#### Exercise instructions:
Your task is to repeat all of the data exactly while excluding the pictures.

#### Study material:
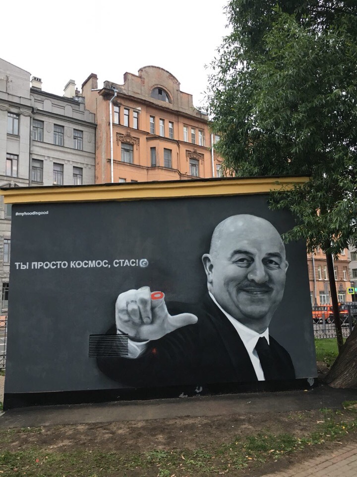 Граффити с тренером Станиславом Черчесовым появилось в середине июня. Его нарисовали художники из объединения HoodGraff.
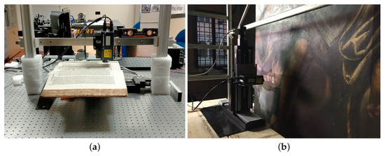 Figure 2. Microprofilometer applications on genuine case studies. (a) Laboratory configuration: microprofilometer on the optical table while scanning an ancient book. (b) In situ configuration: microprofilometer scanning an ancient large canvas painting by Tintoretto in the Church of the Frari in Venice, further explored by the authors in [19].
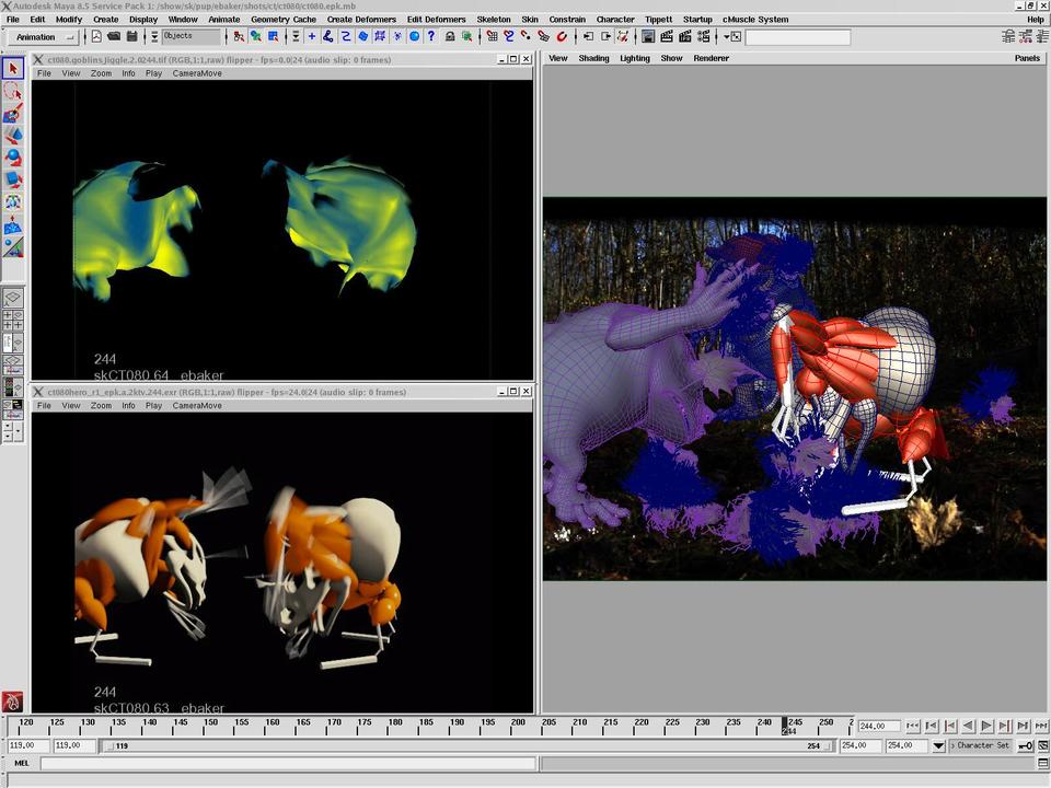 There are commercial Linux software tools available to Linux animators beyond big packages like Maya. “cMuscle is a system for simulating muscle movement”, says Darling. “We used it for muscle jiggle, skin jiggle, skin smoothing and sliding effects. We use SyFlex for the clothing worn by Red Cap and Hogsqueal. This system was augmented by some custom cloth/deformation software developed at Tippett Studio.”
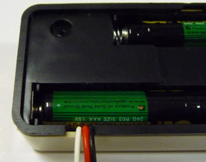 これで本体部分は改造終了です。電源部分を外に取り出しているため、電池を入れた場合は外に4.5Vの電圧を取り出すことができます。実験等で5Vの電源が欲しい時に簡易的に使うこともできて便利です。逆に電池を入れない場合は外部から電源アダプタ等を利用して4.5V(5Vで良い/USBからの給電も可)を供給します。人感センサーを使う場合は電池の消耗が大きくなるため後者の方が良いでしょう。
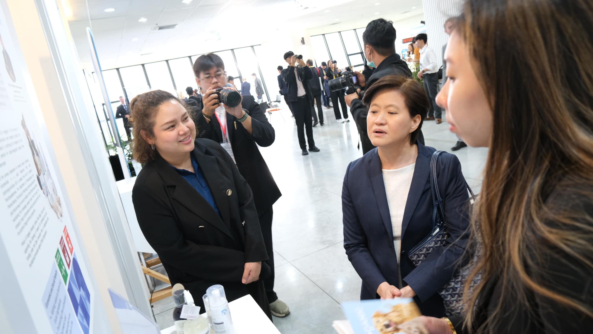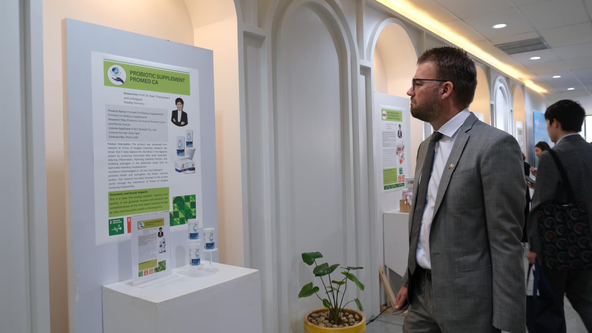 📌โดยภายในกิจกรรมได้มีการจัดแสดงผลงานวิจัยและนวัตกรรมมีภาคเอกชนนำไปใช้ประโยชน์เชิงพาณิชย์ของมหาวิทยาลัยสงขลานครินทร์ ที่มีศักยภาพด้านต่างๆ อาทิ ซุปเปอร์แบคทีเรียสำหรับการผลิตปุ๋ยอินทรีย์ หมอนเจลจากยางพารา ถุงทวารเทียม แว่นสำหรับผู้พิการทางสายตาฝึกทักษะการรับรู้เสียงสะท้อน ผลิตภัณฑ์แชมพูทำความสะอาดสัตว์เลี้ยงแบบแห้ง น้ำลายเทียมแบบเจลบอล อุปกรณ์ช่วยผ่าตัดโรคพังผืดกดรัดเส้นประสาทข้อมือและทิศทาง การพัฒนาเส้นหมี่เพื่อสุขภาพที่ลดค่าพลังงานใยอาหารสูงและส่งเสริมสุขภาพทางเดินอาหาร กรรมวิธีการลดโลหะหนักในอาหารทะเล ฟิล์มสเปรย์พ่นบนผิวฟัน ผลิตภัณฑ์โพรไบโอติก
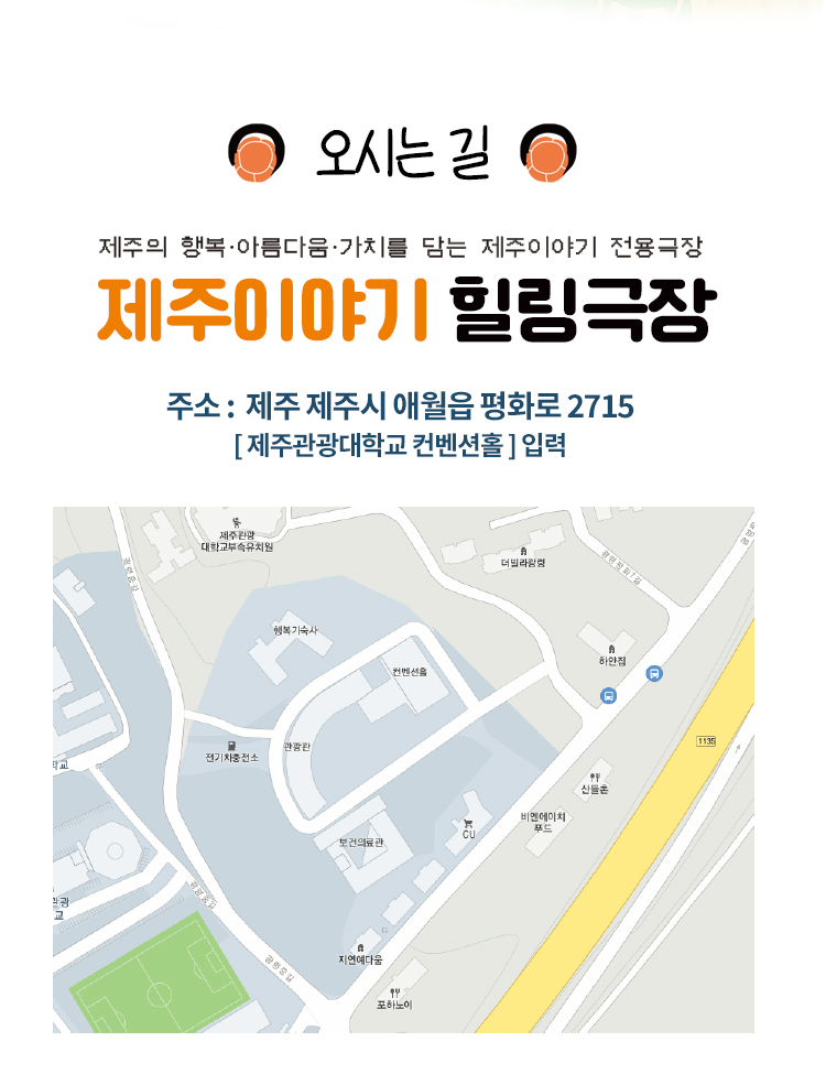 - 주소 (63063) 제주특별자치도 제주시 애월읍 평화로 2715 제주이야기 힐링극장 (제주관광대학교 컨벤션 홀)
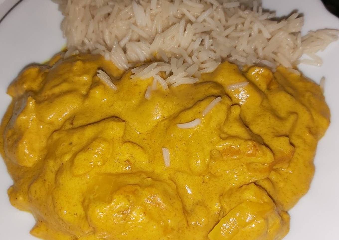 Pollo al curry con cebolla.
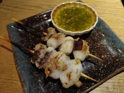 泰式烧墨鱼须墨鱼须的烧烤香味浓郁,搭配调味酱,十分开胃。
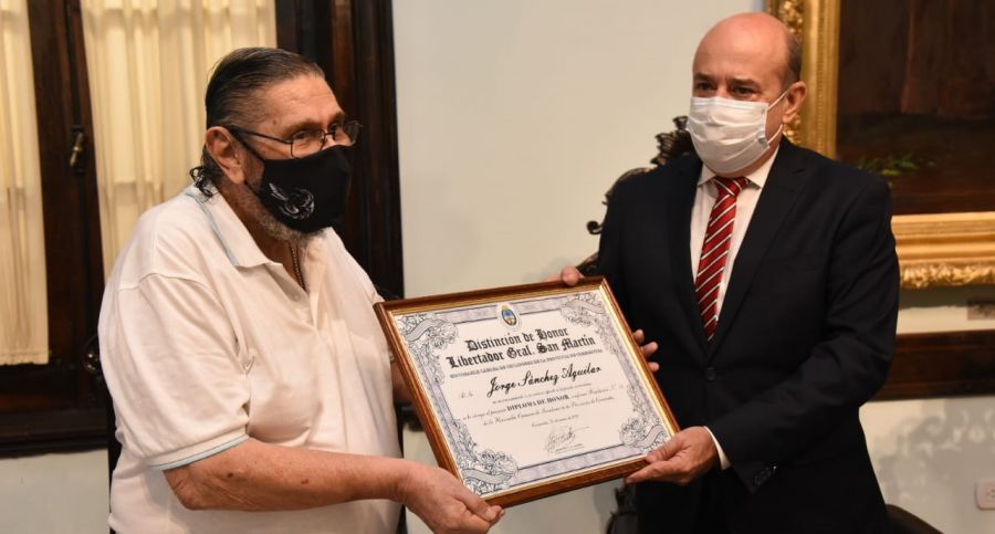 El vicegobernador, Gustavo Canteros, distinguió al poeta Jorge Sánchez Aguilar con el reconocimiento General San Martín, que se otorga a personalidades destacadas en distintas disciplinas, por su aporte a la poesía correntina.
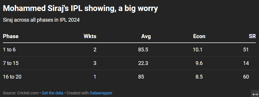 If the recent form is anything to go by, then India would be concerned with the form of Mohammed Siraj. Siraj has picked up only two wickets during the first six overs in the IPL 2024 and has conceded runs at 10.1 in the powerplay stage.
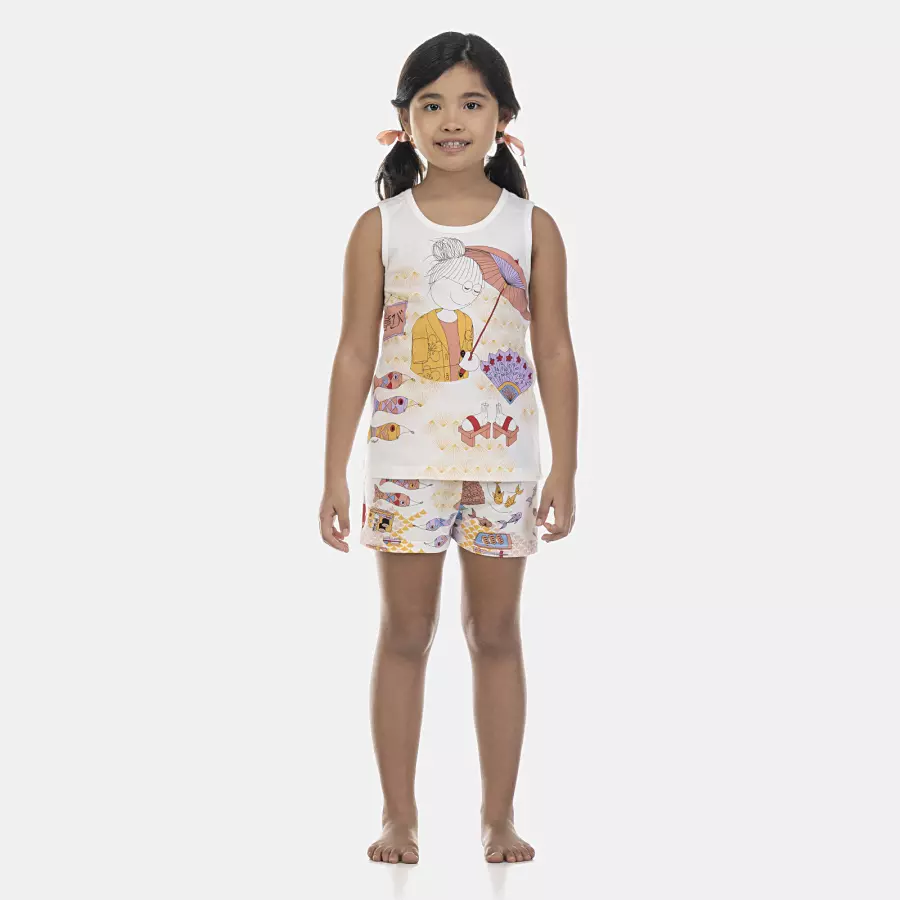 Conforto e diversão para embalar os sonhos. Este pijama regata tem o toque suave do 100% algodão para garantir uma noite tranquila, com uma estampa exclusiva e cheia de personalidade que vai encantar as pequenas.
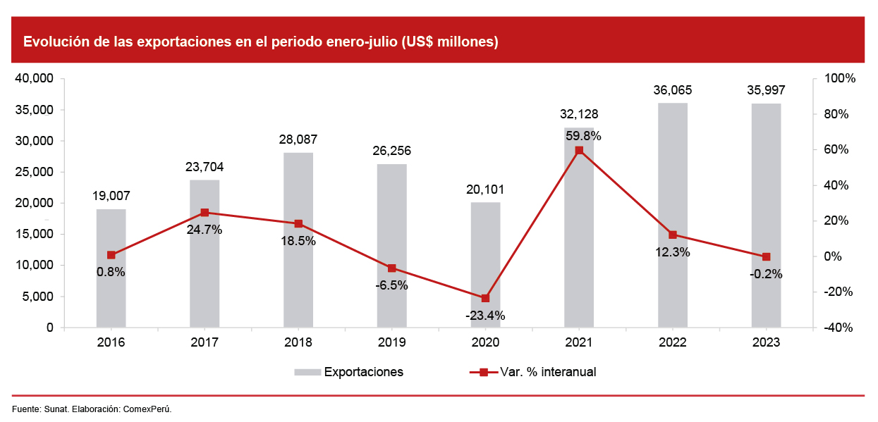 De acuerdo con cifras de la Sunat, durante el periodo enero-julio de 2023, las exportaciones totales sumaron US$ 35,997 millones, lo que evidenció una caída del 0.2% en comparación con el mismo periodo de 2022. En desagregado, el resultado se explica por la caída de los envíos tradicionales (-0.6%) y el incremento de los no tradicionales (+0.9%), teniendo en cuenta que los primeros representan el 72.2% del total exportado.
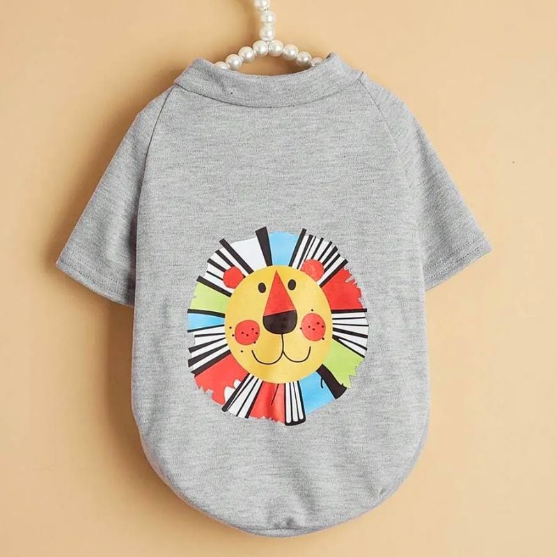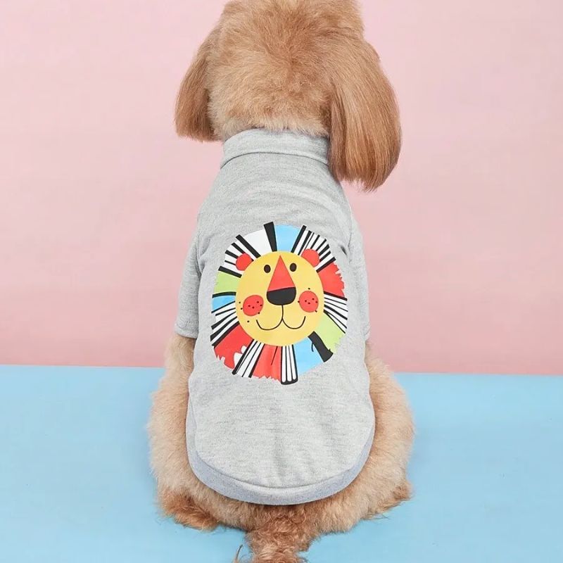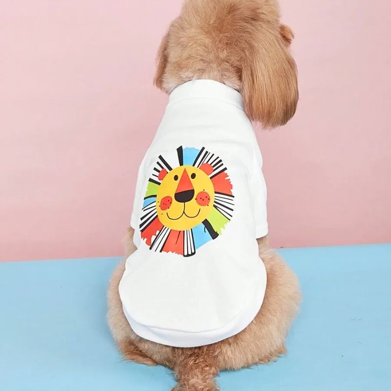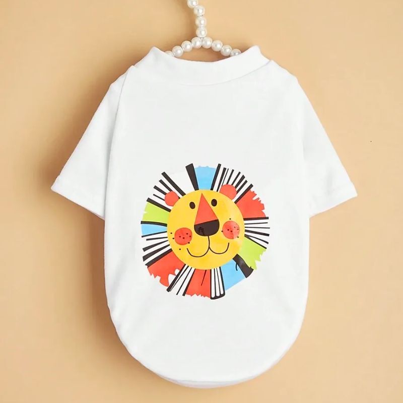 【予約】カラフルライオンプリント半袖Tシャツ|春夏用ポップ犬服・小型犬用トップス

#### Task response:
 Граффити с тренером Станиславом Черчесовым появилось в середине июня. Его нарисовали художники из объединения HoodGraff.
 Figure 2. Microprofilometer applications on genuine case studies. (a) Laboratory configuration: microprofilometer on the optical table while scanning an ancient book. (b) In situ configuration: microprofilometer scanning an ancient large canvas painting by Tintoretto in the Church of the Frari in Venice, further explored by the authors in [19].
 There are commercial Linux software tools available to Linux animators beyond big packages like Maya. “cMuscle is a system for simulating muscle movement”, says Darling. “We used it for muscle jiggle, skin jiggle, skin smoothing and sliding effects. We use SyFlex for the clothing worn by Red Cap and Hogsqueal. This system was augmented by some custom cloth/deformation software developed at Tippett Studio.”
 これで本体部分は改造終了です。電源部分を外に取り出しているため、電池を入れた場合は外に4.5Vの電圧を取り出すことができます。実験等で5Vの電源が欲しい時に簡易的に使うこともできて便利です。逆に電池を入れない場合は外部から電源アダプタ等を利用して4.5V(5Vで良い/USBからの給電も可)を供給します。人感センサーを使う場合は電池の消耗が大きくなるため後者の方が良いでしょう。
 📌โดยภายในกิจกรรมได้มีการจัดแสดงผลงานวิจัยและนวัตกรรมมีภาคเอกชนนำไปใช้ประโยชน์เชิงพาณิชย์ของมหาวิทยาลัยสงขลานครินทร์ ที่มีศักยภาพด้านต่างๆ อาทิ ซุปเปอร์แบคทีเรียสำหรับการผลิตปุ๋ยอินทรีย์ หมอนเจลจากยางพารา ถุงทวารเทียม แว่นสำหรับผู้พิการทางสายตาฝึกทักษะการรับรู้เสียงสะท้อน ผลิตภัณฑ์แชมพูทำความสะอาดสัตว์เลี้ยงแบบแห้ง น้ำลายเทียมแบบเจลบอล อุปกรณ์ช่วยผ่าตัดโรคพังผืดกดรัดเส้นประสาทข้อมือและทิศทาง การพัฒนาเส้นหมี่เพื่อสุขภาพที่ลดค่าพลังงานใยอาหารสูงและส่งเสริมสุขภาพทางเดินอาหาร กรรมวิธีการลดโลหะหนักในอาหารทะเล ฟิล์มสเปรย์พ่นบนผิวฟัน ผลิตภัณฑ์โพรไบโอติก
 - 주소 (63063) 제주특별자치도 제주시 애월읍 평화로 2715 제주이야기 힐링극장 (제주관광대학교 컨벤션 홀)
 Pollo al curry con cebolla.
 泰式烧墨鱼须墨鱼须的烧烤香味浓郁,搭配调味酱,十分开胃。
 El vicegobernador, Gustavo Canteros, distinguió al poeta Jorge Sánchez Aguilar con el reconocimiento General San Martín, que se otorga a personalidades destacadas en distintas disciplinas, por su aporte a la poesía correntina.
 If the recent form is anything to go by, then India would be concerned with the form of Mohammed Siraj. Siraj has picked up only two wickets during the first six overs in the IPL 2024 and has conceded runs at 10.1 in the powerplay stage.
 Conforto e diversão para embalar os sonhos. Este pijama regata tem o toque suave do 100% algodão para garantir uma noite tranquila, com uma estampa exclusiva e cheia de personalidade que vai encantar as pequenas.
 De acuerdo con cifras de la Sunat, durante el periodo enero-julio de 2023, las exportaciones totales sumaron US$ 35,997 millones, lo que evidenció una caída del 0.2% en comparación con el mismo periodo de 2022. En desagregado, el resultado se explica por la caída de los envíos tradicionales (-0.6%) y el incremento de los no tradicionales (+0.9%), teniendo en cuenta que los primeros representan el 72.2% del total exportado.
 【予約】カラフルライオンプリント半袖Tシャツ|春夏用ポップ犬服・小型犬用トップス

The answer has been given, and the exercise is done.